BGT Digital | PPC Management & Consulting




Running Google Ads without tracking revenue is like driving blindfolded. You know you’re moving, but you have no idea if you’re going the right direction.

Most businesses track calls and form fills. That’s a start. But it doesn’t tell you which campaigns actually make you money.

Here’s how to set up proper revenue tracking so you know your real ROI.

Why Lead Tracking Isn’t Enough

A lead is not a customer. You can generate 100 leads and close zero deals. Or generate 10 leads and close 8.

If you’re only tracking leads, you’re optimizing for the wrong thing. You’ll keep spending on campaigns that generate enquiries but not revenue.

The goal isn’t more leads. It’s more profitable leads.

What You Actually Need to Track

To know if your Google Ads are working, you need to track:

  • Which campaigns generate leads
  • Which leads turn into customers
  • How much revenue each customer brings
  • Which campaigns have the best ROI (not just the most leads)

This means connecting your Google Ads to your CRM or booking system.

How to Set It Up

Step 1: Use a lead tracking tool

Tools like WhatConverts, CallRail, or your CRM can track the full journey from click to revenue.

When someone calls or fills out a form, the tool captures:

  • Which ad they clicked
  • Which keyword triggered it
  • Their contact details
  • The landing page they came from

Step 2: Mark leads as won/lost in your CRM

When you close a deal, mark it as “won” in your CRM and add the revenue amount.

When you lose a deal, mark it as “lost” and note why (wrong location, too expensive, not interested, etc.).

Step 3: Connect your CRM to Google Ads

Use offline conversion tracking to send “won” deals back to Google Ads.

This tells Google which campaigns drive actual revenue, not just clicks or leads. Google’s algorithm can then optimize for revenue instead of just lead volume.

What This Looks Like in Practice

Let’s say you’re running two campaigns:

  • Campaign A: 50 leads, 5 customers, £10k revenue
  • Campaign B: 20 leads, 8 customers, £16k revenue

If you’re only tracking leads, Campaign A looks better (50 vs 20).

But Campaign B actually makes more money (£16k vs £10k) with a higher close rate (40% vs 10%).

Without revenue tracking, you’d keep spending on Campaign A and miss the fact that Campaign B is your winner.

Common Mistakes

Mistake 1: Only tracking phone calls

Forms matter too.

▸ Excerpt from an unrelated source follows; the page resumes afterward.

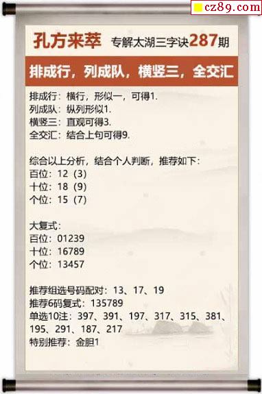 马后炮解25年287期3d太湖钓叟之 排成行

Some customers prefer email. Track both.

Mistake 2: Not tracking which leads close

If you don’t mark deals as won/lost, you can’t see which campaigns drive revenue.

Mistake 3: Waiting too long to set this up

The sooner you start tracking revenue, the sooner you can optimize for it. Don’t wait until you’ve spent £10k to realize half your campaigns don’t convert.

Final Thoughts

Lead tracking tells you what’s happening. Revenue tracking tells you what’s working.

If you’re serious about ROI, track the whole funnel—not just the first step.